The Hurry Monster, RIP

Posted On October 6, 2019

Apparently, I suffer from an affliction which most people manage to avoid. A weird mixture of intellectual laziness and hyperactivity, it once led me to attempt the reduction of German grammar to a handful of equations. Preferably to one equation. Einstein had managed it for physics, I reasoned … 😉

Self-deprecation notwithstanding, I’m still trying to simplify the world into something that I can understand/remember, and the above diagram is one result.

I call the inner loop a Short-Circuit – it’s shown with dotted arrows and a “Hurry Monster“. It summarises the way we react to a bad situation by looking at superficial problems then coming up with simple ideas and corresponding (probably unoriginal) actions: our customer complains that our website is broken and so we take an afternoon to get it working for them; after the fact, we realise that the problem was caused by their use of an obsolete browser and, even worse, that they were merely looking for information that we could have given them in a few seconds; if we’d only asked what they were trying to do before diving into fixing the reported problem …

Another example: a nation has economic problems (broken yin-yang); the population is encouraged to blame a certain minority or institution (the cloud); let’s get rid of them (the lightbulb); various disastrous actions then ensue.
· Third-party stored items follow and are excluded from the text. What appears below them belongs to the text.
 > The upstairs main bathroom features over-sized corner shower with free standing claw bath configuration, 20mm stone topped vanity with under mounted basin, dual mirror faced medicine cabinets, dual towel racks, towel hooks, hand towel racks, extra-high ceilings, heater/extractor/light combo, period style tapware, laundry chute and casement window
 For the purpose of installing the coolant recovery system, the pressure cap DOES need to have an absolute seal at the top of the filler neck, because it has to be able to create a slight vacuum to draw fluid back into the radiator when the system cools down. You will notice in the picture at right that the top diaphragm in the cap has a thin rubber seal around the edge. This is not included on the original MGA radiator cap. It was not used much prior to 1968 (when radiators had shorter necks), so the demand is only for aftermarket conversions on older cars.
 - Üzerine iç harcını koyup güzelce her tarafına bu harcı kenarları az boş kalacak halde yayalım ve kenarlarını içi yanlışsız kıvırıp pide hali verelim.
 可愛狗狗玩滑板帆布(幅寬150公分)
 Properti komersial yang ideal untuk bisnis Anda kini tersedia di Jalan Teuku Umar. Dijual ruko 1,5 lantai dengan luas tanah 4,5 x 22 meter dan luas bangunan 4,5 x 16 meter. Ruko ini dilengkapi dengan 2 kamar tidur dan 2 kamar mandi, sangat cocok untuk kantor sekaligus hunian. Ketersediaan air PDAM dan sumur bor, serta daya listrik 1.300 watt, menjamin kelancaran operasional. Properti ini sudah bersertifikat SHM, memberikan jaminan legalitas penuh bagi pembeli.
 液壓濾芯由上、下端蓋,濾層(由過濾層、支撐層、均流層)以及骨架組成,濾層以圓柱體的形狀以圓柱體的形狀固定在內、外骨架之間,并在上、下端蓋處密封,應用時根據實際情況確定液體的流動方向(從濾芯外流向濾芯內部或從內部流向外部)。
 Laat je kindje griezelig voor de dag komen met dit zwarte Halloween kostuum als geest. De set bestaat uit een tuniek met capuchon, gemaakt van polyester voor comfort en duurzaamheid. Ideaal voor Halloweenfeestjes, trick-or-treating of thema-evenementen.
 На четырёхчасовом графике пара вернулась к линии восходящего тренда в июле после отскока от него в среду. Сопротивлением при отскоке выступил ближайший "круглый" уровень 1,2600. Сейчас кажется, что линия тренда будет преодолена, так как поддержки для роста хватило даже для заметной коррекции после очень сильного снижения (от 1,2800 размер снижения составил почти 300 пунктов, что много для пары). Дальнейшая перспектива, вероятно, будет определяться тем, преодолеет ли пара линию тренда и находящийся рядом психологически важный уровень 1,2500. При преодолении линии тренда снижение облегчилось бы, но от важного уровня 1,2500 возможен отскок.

And when the original problems don’t go away, the short-circuit repeats and intensifies.

The point is, whether you are a doctor or a salesperson responding to a request, an engineering team trying to resolve a complex problem or a UN mediator attempting to avoid a war, it is crucial to avoid this Short Circuit.

Doing so requires a more effortful approach, starting with a fresh look at what we are aiming to achieve and the challenges we face: it requires a Reframe. This gives us a new frame of reference in which to Ideate – i.e. think of possible new approaches and select the most promising ones. In the Plan step we then work out how use these new ideas to get to the desired situation (in this scheme, planning includes prototyping, if appropriate). These three R-I-P steps are at the heart of several leading problem-solving and innovation methodologies, including Creative Problem Solving and Design Thinking.

Coming back to Einstein: “We cannot solve our problems with the same thinking we used when we created them”. We must take a step back, away from the Short Circuit and onto the more difficult outer path.

In fact, as well as illustrating the Short Circuit and the RIP flow, the diagram supports a wide range of discussions about communication and collaboration: learning discovery, guiding discovery, confrontation and systemic methods, for example. And it uses symbols as far as possible in order to minimise terminology distractions.

The yin-yang symbol represents a desired (harmonious) situation and, below it, the broken yin-yang is an unsatisfactory one. Related issues are symbolised with clouds while bigger challenges, to be expressed positively, are shown as mountain peaks. Needs implied by the issues are shown as an idea lightbulb and major insights as a lighthouse. Finally, obvious action points are represented by circular arrows and an energising action plan takes the form of a happy stickman.

I’ve found most behavioral models and communication/collaboration methodologies to be consistent with this diagram and it really helps, in trainings and workshops, to have such a pictorial overview. There’s no space here to write more about these models and methodologies – let’s just say that they help keep us on the Reframe, Ideate, Plan (R-I-P) path, allowing the Hurry Monster to Rest In Peace.